Team to Use Inverse Modeling of Remote-Sensing Data from AI and Numerical CMAQ Models
The University of Houston’s Atmospheric Artificial Intelligence Team, led by Yunsoo Choi, was awarded a $464,374 grant from NASA. The project is titled “Inverse Modeling Using Aura Omi and AI Deep Learning Approach to Investigate NOX, HCHO, and Ozone Sensitivity for a Historical Period over the Continental United States.” The team also received a $34,782 grant from Anyang University, which is for optimizing the emissions of PM2.5 ingredients over South Korea.
The NASA grant expands research of Choi and his team in analyzing mobile and point-source emissions from anthropogenic and biogenic sources of ozone using remote sensing data with Artificial Intelligence (AI) and the Community Multiscale Air Quality (CMAQ) models. The project aims to expand the understanding of mechanisms and sensitivity of atmospheric constituent processes and to improve the numerical accuracy models of ozone and its ingredients for short-term and long-term modeling.
Obtaining Source Sensitivities Using CMAQ and AI models
The team aims to identify sources of nitrogen dioxide (NO2) and formaldehyde (HCHO) using the direct decoupled method (DDM). This method is used to estimate first-order sensitivities with respect to emissions and initial and boundary concentrations. This method will allow the team to more accurately obtain an optimized emission inventory for a region. To improve the processing time, the team will create AI-based DDM for the real-time and long-term estimation of emission inventory for the contiguous United States.
Anyang University Grant
This grant provides research funding for Choi and his team to analyze emission and precursors of PM2.5 using remote sensing data with the CMAQ and AI models. The project aims to expand the understanding of mechanisms and sensitivity of atmospheric constituent processes and improve the accuracy of numerical models of PM2.5 modeling.
Importance of PM2.5 Research
Particulate Matter (PM) at 2.5µm is created by secondary processes in the atmosphere through the emissions of precursors such as nitrogen oxides (NOX), sulfur dioxides (SO2), ammonia (NH3) and volatile organic compounds (VOCs).
PM concentrations have been linked to respiratory and cardiovascular diseases that lead to increased hospitalizations and mortality. Improving the understanding and estimation of PM concentrations will allow better policymaking in effectively reducing emissions that lead to high PM2.5 concentrations.
“Modelling and forecasting PM2.5 has been challenging using current numerical models,” said Choi, associate professor of atmospheric chemistry, remote sensing, and machine learning in the Department of Earth & Atmospheric Sciences. “Preliminary tests have shown that our AI systems have provided some improvements in accurately forecasting PM concentrations. The integration of CMAQ and AI, with the help of the grant, will allow us to better understand the interactions of emission precursors to PM concentrations for effective policymaking in reducing PM health-related issues.”

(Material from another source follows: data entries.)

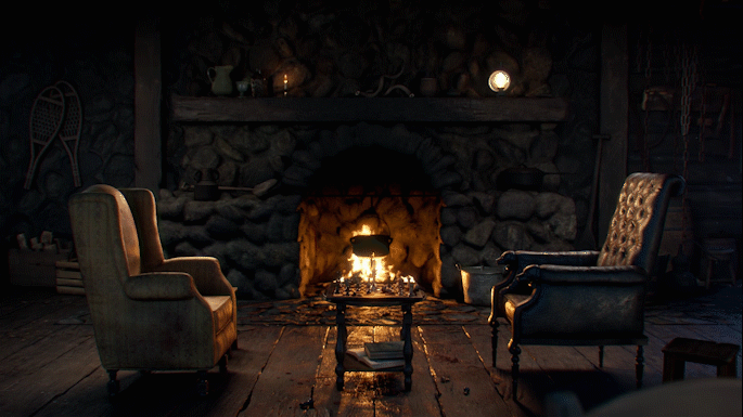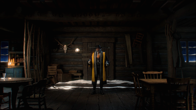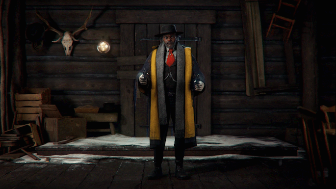 쿠엔틴 타란티노 감독의 영화 헤이트풀8 영화 속 주요 배경인 눈 덮인 산장에서 벌어지는 상황을 함축적으로 표현한 장면입니다.
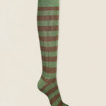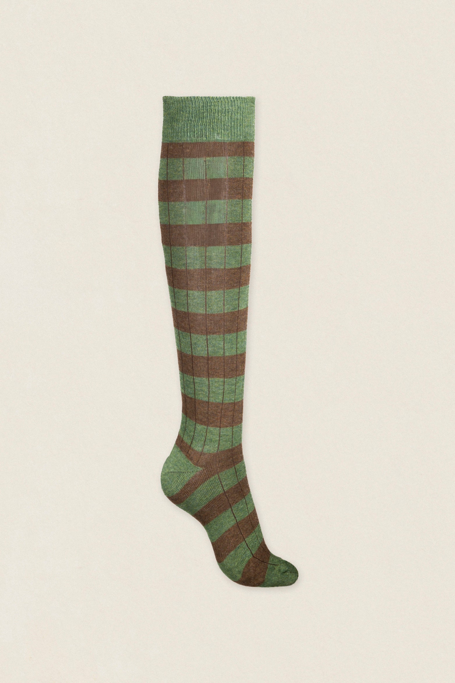 Calcetín de algodón peinado de caña alta bicolor. La abertura del canalé, la puntera, el talón y la faja son del mismo color. Compuestos por un 83% de algodón son muy cómodos, se adaptan a tu pierna y no se caen ni hacen arrugas.
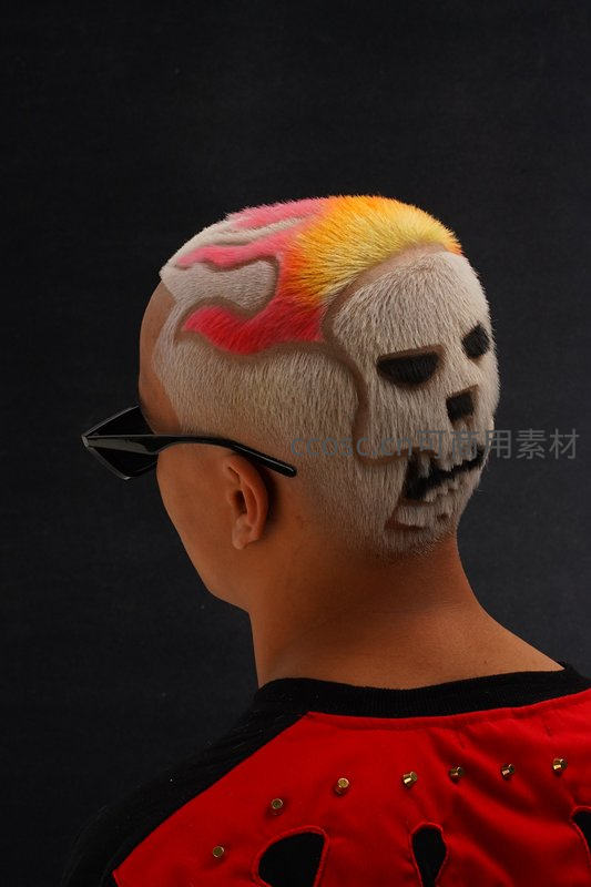 后脑勺精心雕刻的骷髅头与火焰图案,搭配酷炫墨镜和铆钉服饰,展现前卫大胆的街头艺术风格。
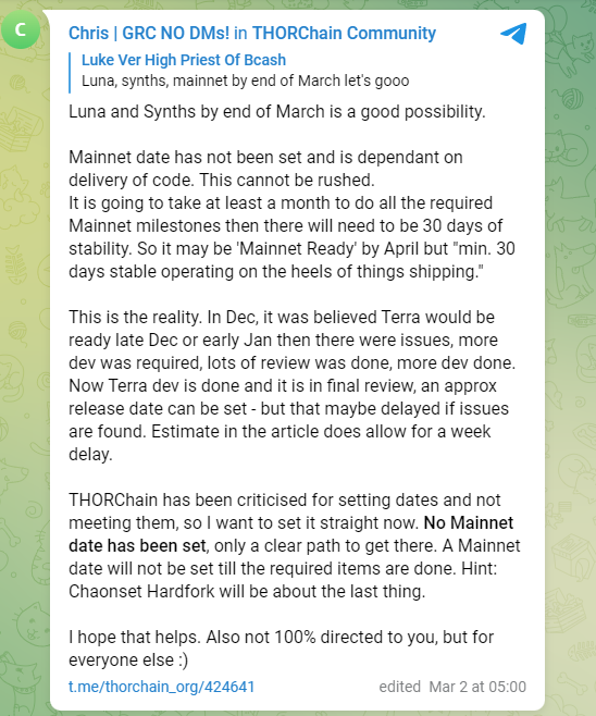 Further highlights that Thorchain has been criticized for just setting dates and not acting on them, so he wants to get it straight now. He clearly specified that No Mainnet Date had been set, only a clear path to get there. And that a Mainnet date would not be set until the required items are done.
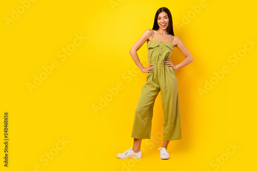 Full body photo of adorable cheerful malaysian person put arms waist posing isolated on yellow color background
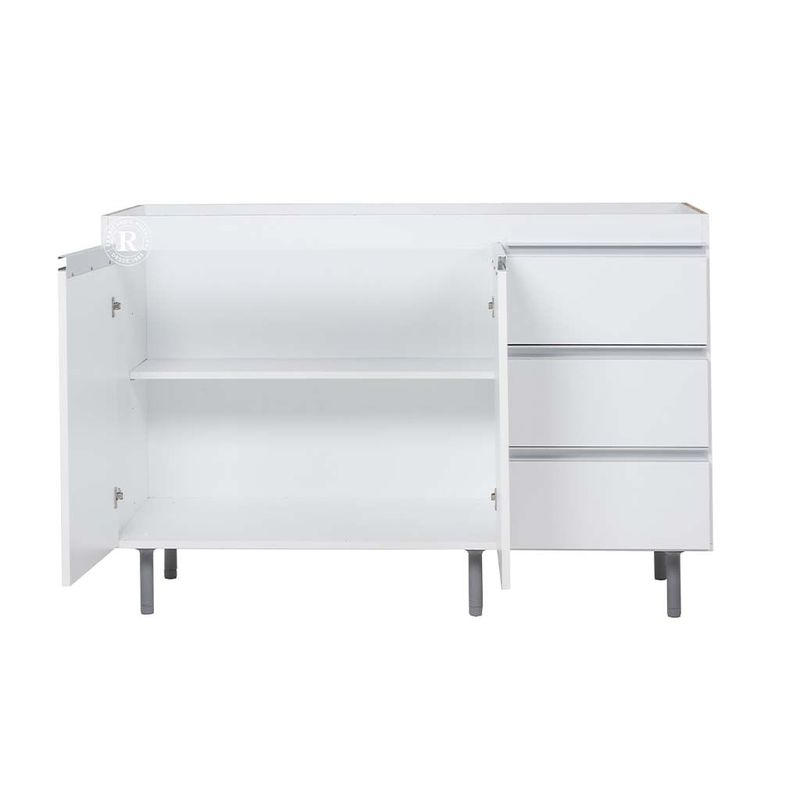 El bajo mesada arco tiene una terminacion con perfil J de aluminio que queda muy elegante y facilita la apertura de puertas y cajones. A su vez, da la posibilidad de armar cajonera en extremo izquierdo o derecho
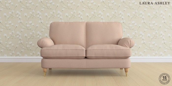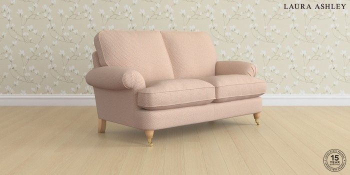 6.12.1 Buy Beaumaris by Laura Ashley 2 Seater Sofa Melbreak Geo Chalk Pink Low Brass Castor - Light Oak from the Next UK online shop Click here to use our accessible website
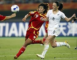 China launched repeated attacks but wasn't able to crack the gritty New Zealand defense until the 57th minute when Li Jie scored off a free kick from Zhou Gaoping, heading the ball over keeper Jenny Bindon. Xie added another in the 79th minute, deftly outdribbling a defender and launching a left-footed shot from close range. Like in its other first-round games against Group D opponents Brazil and Denmark, the underdog New Zealand squad's scrappy defense held off repeated scoring drives. China outshot New Zealand 22-5. Zhang Ouying's shot 50 seconds into the game was deflected out of bounds by keeper Jenny Bindon, and was followed by numerous other misses. Near the end of the period, Han Duan outdribbled several defenders but her shot from six meters (yards) veered just out bounds. Han's header in the 75th was batted over the goal by Bindon, followed by a shot a minute later from Ma Xiaoxu that hit the crossbar. New Zealand went home losing all three of its first round games, without ever scoring a goal. It best chance to score in the game came in the 64th minute, when Zoe Thompson charged at China goalie Zhang Yanru one-on-one, but her shot went wide. Zhang started in goal instead of Han Wenxia, whose mistakes in China's last game against Brazil contributed to a 4-0 rout. A boisterous crowd of 56,200 turned out at Tianjin Olympic Center Stadium to cheer on the home team, setting off flares and chanting "Two to nothing!" after China's first goal. |
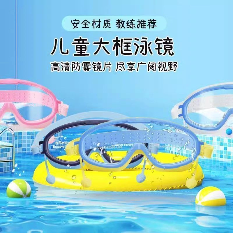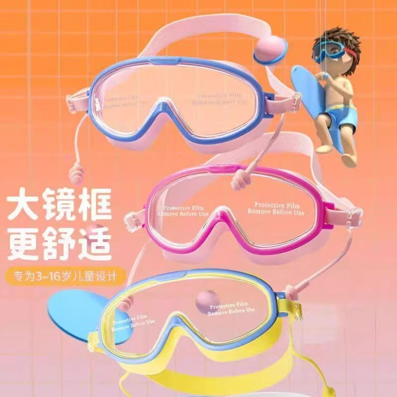 硅胶进口儿童泳镜男女童游泳眼镜防水防雾高清大框潜水镜鼻夹装备
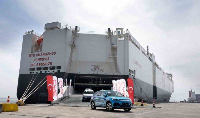 BYD'nin araç taşıma gemisi "BYD Changzhou", 39 günlük yolculuğun ardından Türkiye'ye ulaştı. 7 bin araç kapasiteli gemi, 5 Nisan'da Kocaeli Derince'deki Safiport Limanı'na yanaştı.
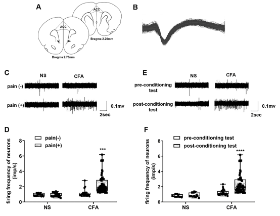 图2 CFA增加CFA大鼠ACC神经元放电活动。
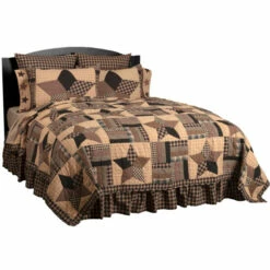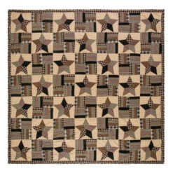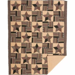 Bingham Star Quilt features colorful 5 point patchwork stars set on a windowpane check, separated by blocks of fabric strips, a technique passed down by generations of American quilt makers. Dominant colors of black and brown bronze are found in woven yarn dyed checks and vintage inspired ditsy prints.
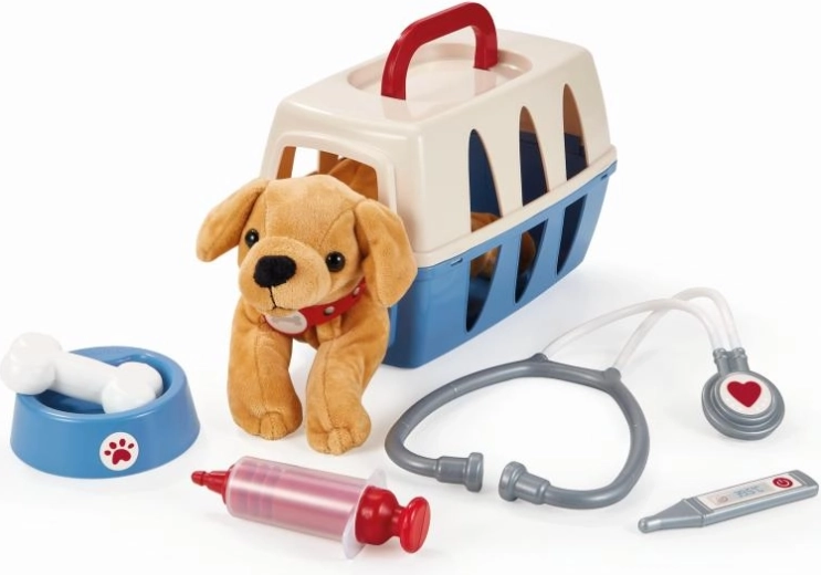 Zabavan set za male ljubitelje životinja: kofer s psićem i bogatom opremom za igru veterinara. Kofer služi kao transportna kutija i prostor za pohranu opreme. Ne nedostaju stetoskop, toplomjer, štrcaljka, zdjelica i kost – sve što je potrebno za brigu o ljubimcu.

Inverse Modeling and Sensitivity Analysis
When using inverse modeling, scientists take the known outcome of a process (e.g., ozone concentration, PM2.5 concentration) and then reverse the atmospheric chemical processes to find the initial state (i.e., emissions such as VOCs, NOX, SO2, NH3) that led to the known atmospheric composition. These processes will be performed by the air quality model and expanded using AI for faster processing. Both systems will also allow the uncertainty analysis of emissions to be analyzed.
The Role of AI in Atmospheric Science
The project team has applied AI in atmospheric sciences for several years, with several papers already published showing improvements over conventional modeling methods in the short- and long-term forecasting of air quality and meteorology.
“While AI has shown great advancements and performance in our research, we believe the next step will be the integration of AI with numerical models (such as CMAQ),” said Choi. “The NASA and Anyang grants will allow us to develop a synergetic system of numerical and AI models by combining the advantages and alleviating the disadvantages of both models.”